On Fri, Apr 24, 2015 at 11:59:42AM +0200, Denys Vlasenko wrote:
> I propose a more conservative check:
> 
>               if (ss_sel != __KERNEL_DS)
>                       loadsegment(ss, __KERNEL_DS);
> 
> I would propose this even if I would see no real case where it matters...
> but I even do see such a case.

...

> As in legacy mode, it is desirable to keep the stack-segment requestor 
> privilege-level (SS.RPL)
> equal to the current privilege-level (CPL). When using a call gate to change 
> privilege levels, the
> SS.RPL is updated to reflect the new CPL. The SS.RPL is restored from the 
> return-target CS.RPL
> on the subsequent privilege-level-changing far return.
> ^^^^^^^^^^^^^^^^^^^^^^^^^^^^^^^^^^^^^ THIS 
> ^^^^^^^^^^^^^^^^^^^^^^^^^^^^^^^^^^^^^^^^^^^^^^^^^^^^^
> 
> 3. The old values of the SS and RSP registers are pushed onto the stack 
> pointed to by the new RSP.
> ...
> ...
> """
> 
> Thus, the NULL selector in SS may actually be not all zeros.
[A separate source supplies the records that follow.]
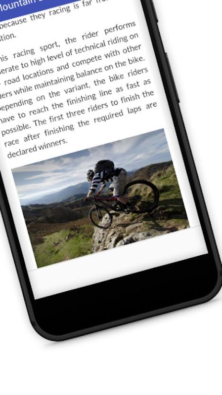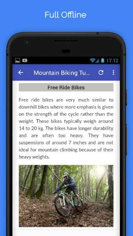 Tutorials for Mountain Biking Offline is a complete application for those of you who want to learn Mountain Biking easily and for free. There are dozens and even hundreds of Mountain Biking tutorials starting to base for beginners to advanced. All these tutorials you can read offline without the need to connect to the internet or mobile data.
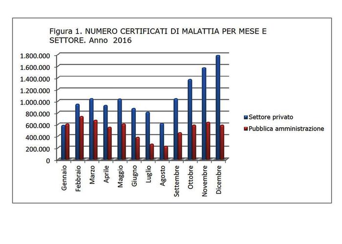 Il numero di lavoratori del settore privato che nell’anno 2016 hanno avuto almeno un evento di malattia è risultato pari a 4,4 milioni, mentre nel comparto pubblico i lavoratori con almeno un evento di malattia nel 2016 sono stati 1,8 milioni.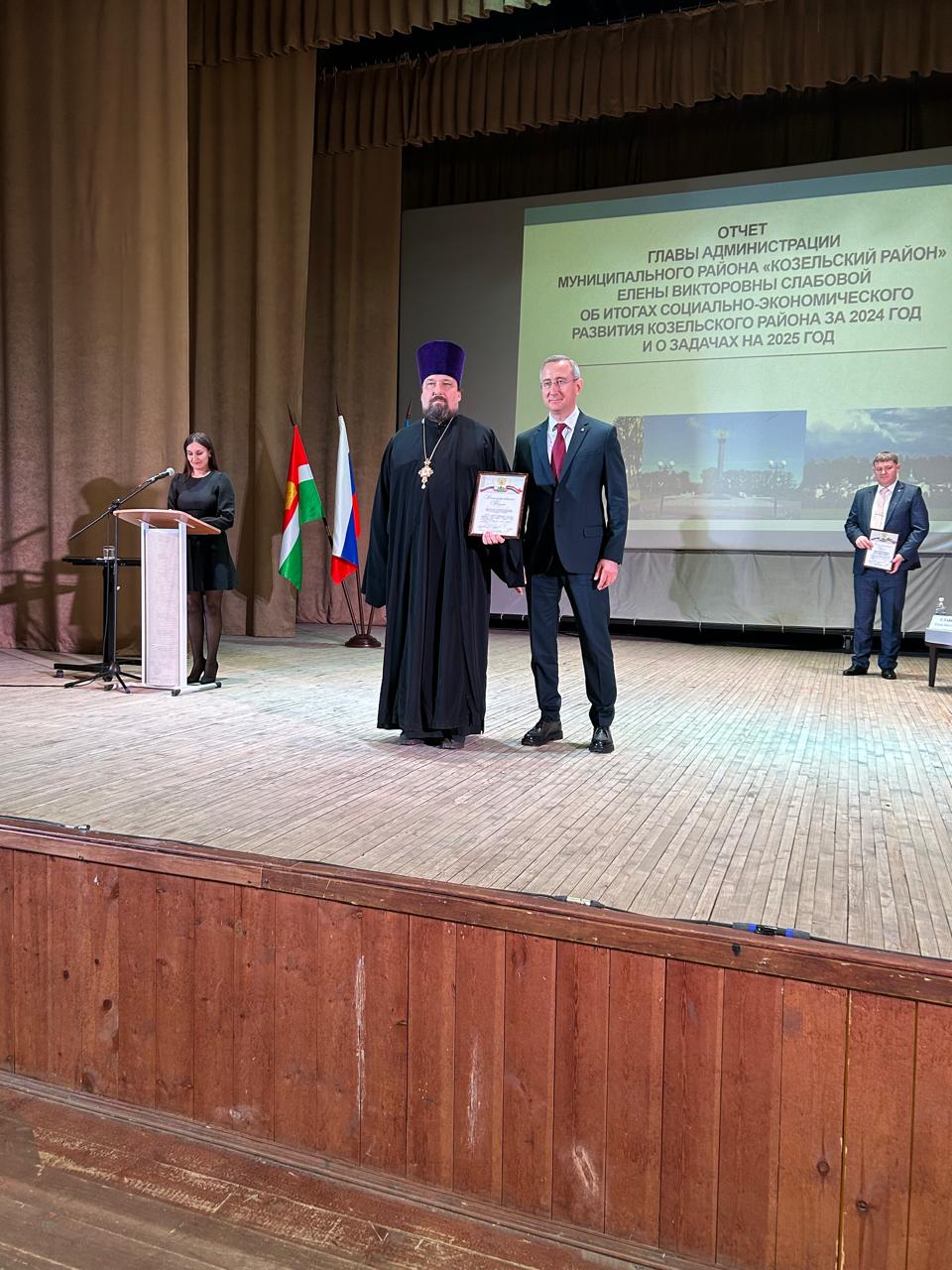От лица епархии, столь высокую награду принял секретарь Козельской епархии, благочинный Козельского района, настоятель храма прп. Серафима Саровского г. Сосенский — протоиерей Владимир Бахаев.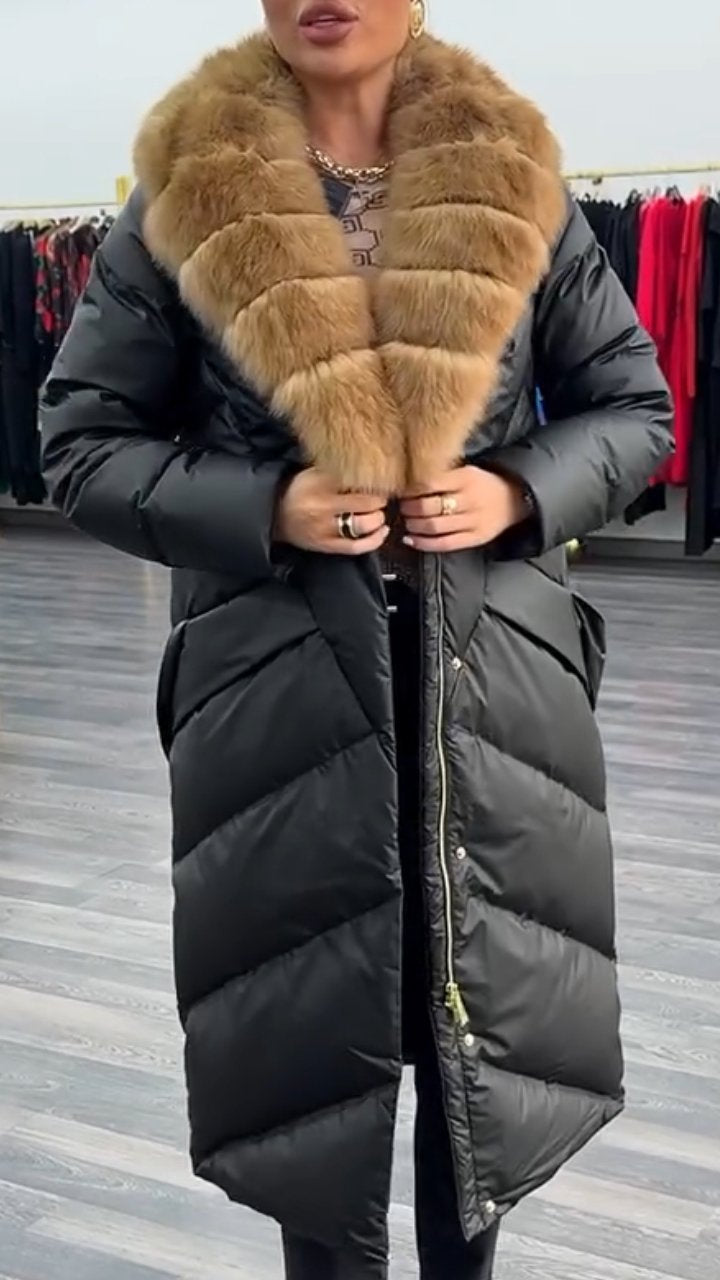 Women's Large Lapel Furry Casual Cotton Long Coat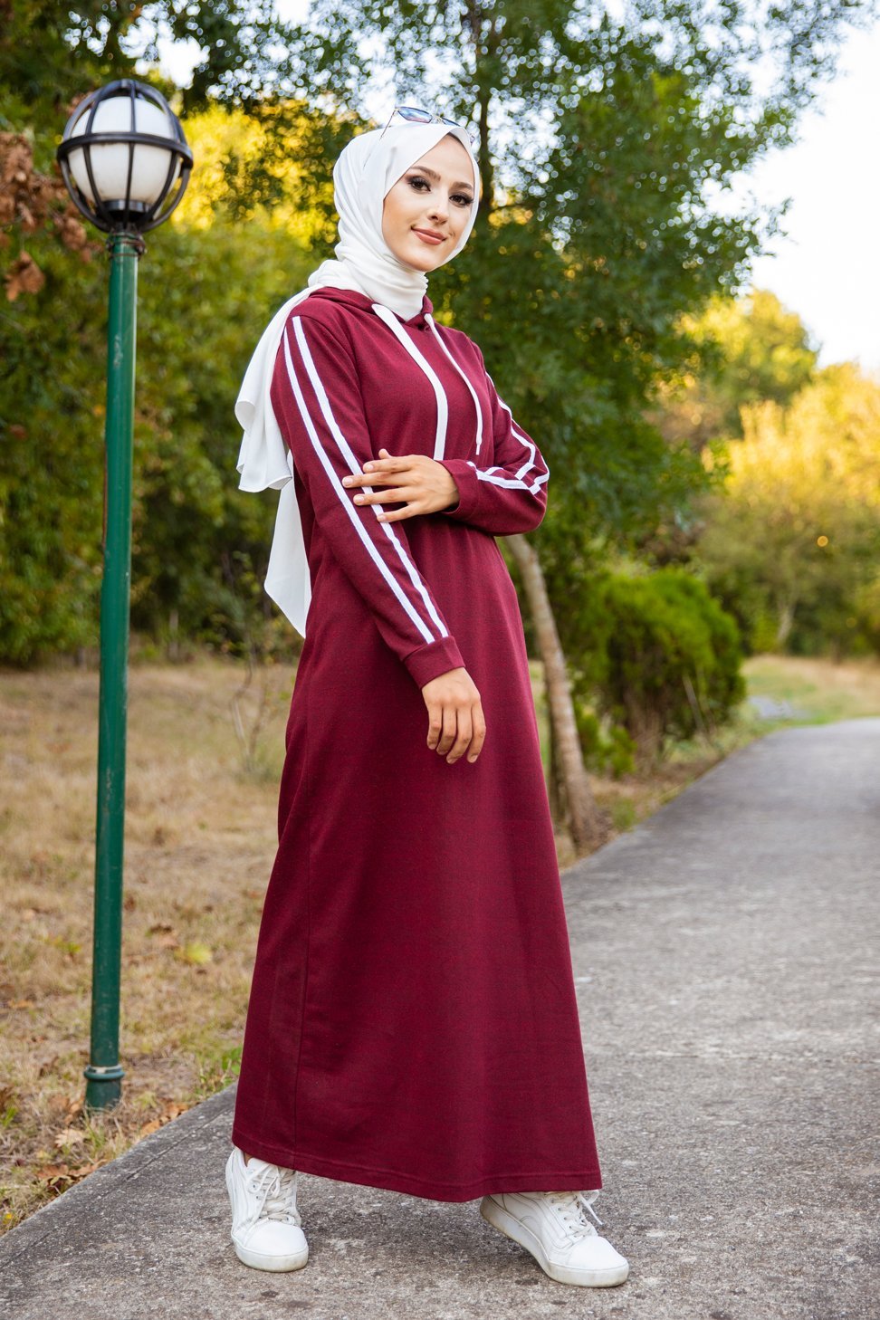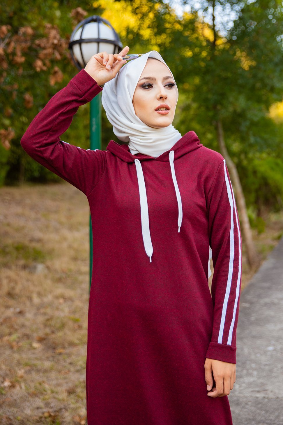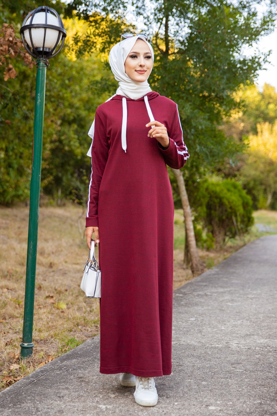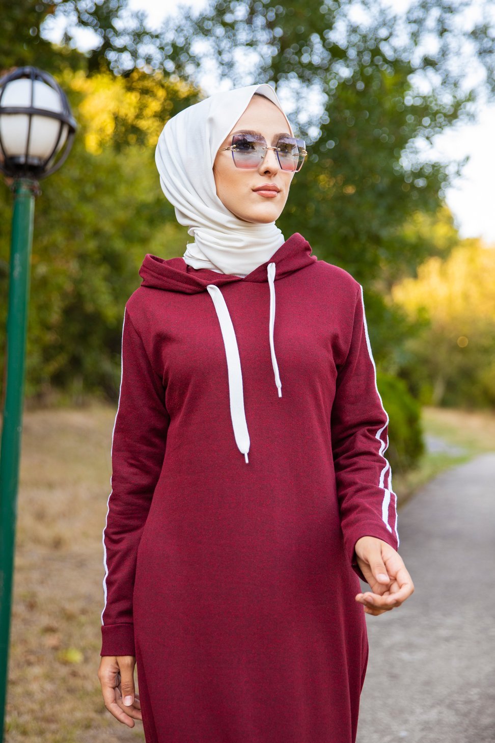 Robe avec capuche style moderne et sport (Vetement adapte pour Hijab - Nouveaute) - Couleur bordeaux
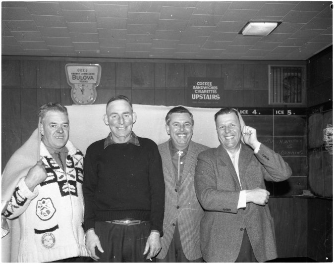 These four Midlander’s can sing “Under a blanket of blue” after receiving one each as second prize at the one day bonspiel staged by Midland Curling Club Saturday. Left to right are; skip Armand Robillard, “Woody” Woodrow McConnell, Jim Moss and Les Barber.
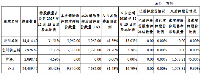 本次减持计划的实施不会导致公司控制权发生变更,不会对公司治理结构及持续性经营产生重大影响, 公司基本面也未发生重大变化。 截至2025年12月15日,宏川智慧A股总股本45,748.99万股。宏川集团质押股份数量5,962.00万股,占公 司总股本比例13.03%;宏川供应链质押股份数量1,720.00万股,占公司总股本比例3.76%。两大股东合 计质押股份数量占公司总股本比例16.79%。 根据公告,股东东莞市宏川化工供应链有限公司(以下简称"宏川供应链")计划自公告披露之日起15个交 易日后的三个月内(即2026年2月7日至2026年5月6日)以大宗交易方式减持公司股份不超过914.9797万股 (约占公司2026年1月9日总股本比例为2%)。 按上一交易日公司收盘价10.75元计算,宏川供应链拟减持套现合计约9,836.03万元。 截至公告披露日,宏川供应链持有公司股份7,926.67万股,约占公司2026年1月9日总股本比例为 17.33%。 宏川供应链为公司控股股东广东宏川集团有限公司(以下简称"宏川集团")及实际控制人林海川一致行动 人。截至公告披露日,实际控制人林海川直接和间接控制公司股份24, ...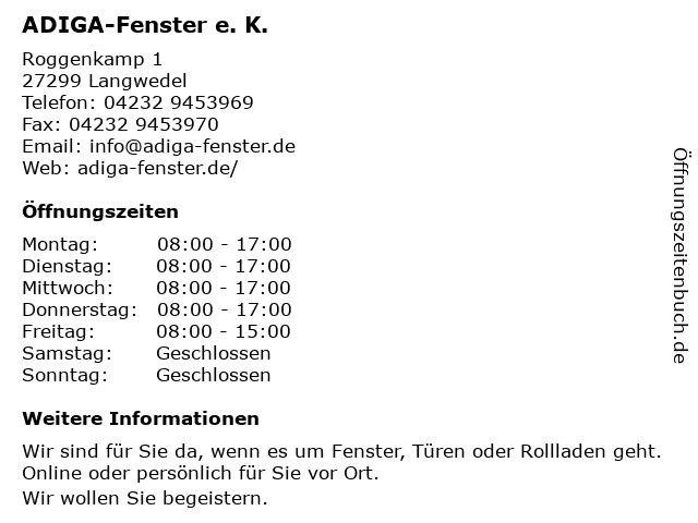 | Öffnungszeiten ADIGA-Fenster e. K. in Langwedel anzeigen | |

Its RPL may be 
> nonzero,
> if we are not in ring 0.

Yeah, that makes more sense. So I tested Andy's patch but changed it as
above and I get

$ taskset -c 0 ./sysret_ss_attrs_32
[RUN]   Syscalls followed by SS validation
[OK]    We survived

And this is on an AMD F16h and it used to fail before the patch. So
yeah, I think we can call this misfeature "architectural".

Tested-by: Borislav Petkov <b...@suse.de>

Thanks.

-- 
Regards/Gruss,
    Boris.

ECO tip #101: Trim your mails when you reply.